_DATA BELOW_.
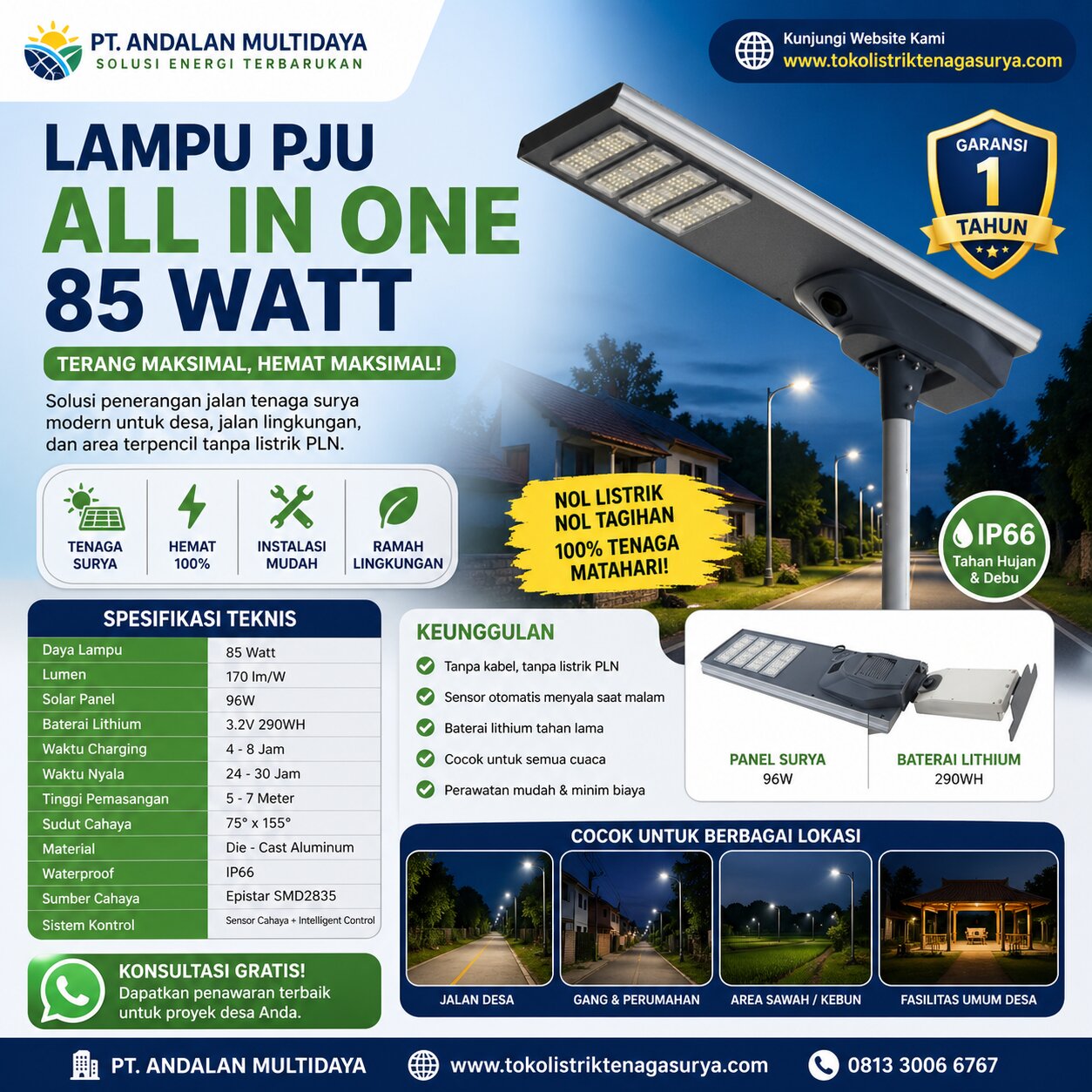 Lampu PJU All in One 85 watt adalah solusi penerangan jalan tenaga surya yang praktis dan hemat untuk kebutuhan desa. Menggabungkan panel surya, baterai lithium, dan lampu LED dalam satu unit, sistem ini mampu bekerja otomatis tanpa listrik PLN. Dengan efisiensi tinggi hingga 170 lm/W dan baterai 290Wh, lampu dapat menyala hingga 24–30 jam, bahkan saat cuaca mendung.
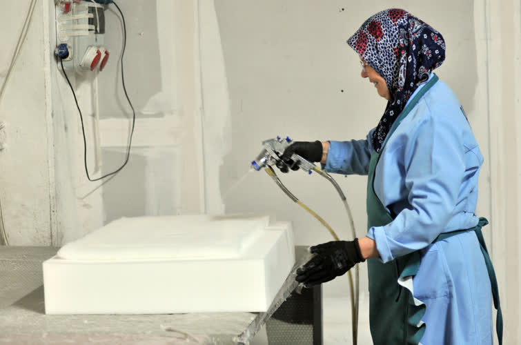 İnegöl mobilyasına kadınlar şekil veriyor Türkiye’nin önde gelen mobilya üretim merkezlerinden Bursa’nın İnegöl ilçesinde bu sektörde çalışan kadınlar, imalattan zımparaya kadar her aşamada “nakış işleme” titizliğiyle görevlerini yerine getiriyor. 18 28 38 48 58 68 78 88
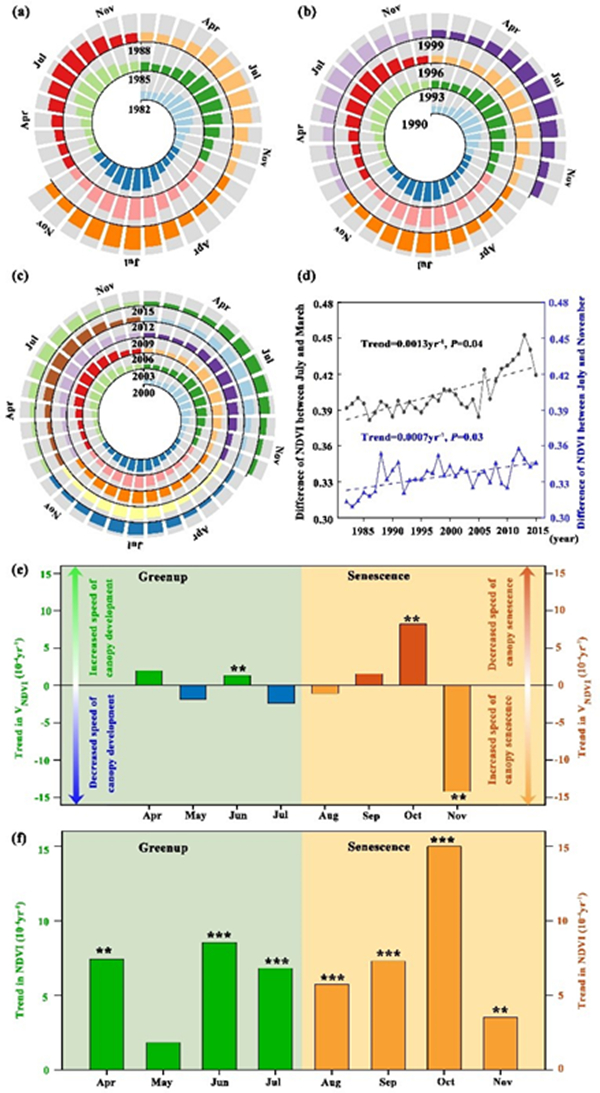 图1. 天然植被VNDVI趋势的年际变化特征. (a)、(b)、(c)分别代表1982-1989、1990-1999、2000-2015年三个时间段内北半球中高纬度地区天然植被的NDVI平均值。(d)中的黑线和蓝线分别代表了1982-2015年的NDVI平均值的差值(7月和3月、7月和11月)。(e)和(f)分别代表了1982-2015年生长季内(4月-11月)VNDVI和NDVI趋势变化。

_WHAT TO PRODUCE_. Although the material contains pictures, only the lines are to be written out, exactly as they stand.

_WORKED SOLUTION_.
 Lampu PJU All in One 85 watt adalah solusi penerangan jalan tenaga surya yang praktis dan hemat untuk kebutuhan desa. Menggabungkan panel surya, baterai lithium, dan lampu LED dalam satu unit, sistem ini mampu bekerja otomatis tanpa listrik PLN. Dengan efisiensi tinggi hingga 170 lm/W dan baterai 290Wh, lampu dapat menyala hingga 24–30 jam, bahkan saat cuaca mendung.
 İnegöl mobilyasına kadınlar şekil veriyor Türkiye’nin önde gelen mobilya üretim merkezlerinden Bursa’nın İnegöl ilçesinde bu sektörde çalışan kadınlar, imalattan zımparaya kadar her aşamada “nakış işleme” titizliğiyle görevlerini yerine getiriyor. 18 28 38 48 58 68 78 88
 图1. 天然植被VNDVI趋势的年际变化特征. (a)、(b)、(c)分别代表1982-1989、1990-1999、2000-2015年三个时间段内北半球中高纬度地区天然植被的NDVI平均值。(d)中的黑线和蓝线分别代表了1982-2015年的NDVI平均值的差值(7月和3月、7月和11月)。(e)和(f)分别代表了1982-2015年生长季内(4月-11月)VNDVI和NDVI趋势变化。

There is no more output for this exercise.